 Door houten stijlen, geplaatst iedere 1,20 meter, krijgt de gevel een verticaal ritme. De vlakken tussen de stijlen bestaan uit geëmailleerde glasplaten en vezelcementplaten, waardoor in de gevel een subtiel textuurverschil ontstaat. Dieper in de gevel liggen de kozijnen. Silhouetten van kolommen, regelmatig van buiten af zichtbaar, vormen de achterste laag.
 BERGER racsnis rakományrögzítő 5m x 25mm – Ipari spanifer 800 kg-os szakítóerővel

---

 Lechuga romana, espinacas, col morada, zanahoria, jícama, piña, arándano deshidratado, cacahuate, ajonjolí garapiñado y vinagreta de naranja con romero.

_Your assignment_
In the listing above, find the line with "Door houten stijlen, geplaatst" and the line with "BERGER racsnis rakományrögzítő"; output exactly those lines and all lines between them.

_Solution to the exercise_
 Door houten stijlen, geplaatst iedere 1,20 meter, krijgt de gevel een verticaal ritme. De vlakken tussen de stijlen bestaan uit geëmailleerde glasplaten en vezelcementplaten, waardoor in de gevel een subtiel textuurverschil ontstaat. Dieper in de gevel liggen de kozijnen. Silhouetten van kolommen, regelmatig van buiten af zichtbaar, vormen de achterste laag.
 BERGER racsnis rakományrögzítő 5m x 25mm – Ipari spanifer 800 kg-os szakítóerővel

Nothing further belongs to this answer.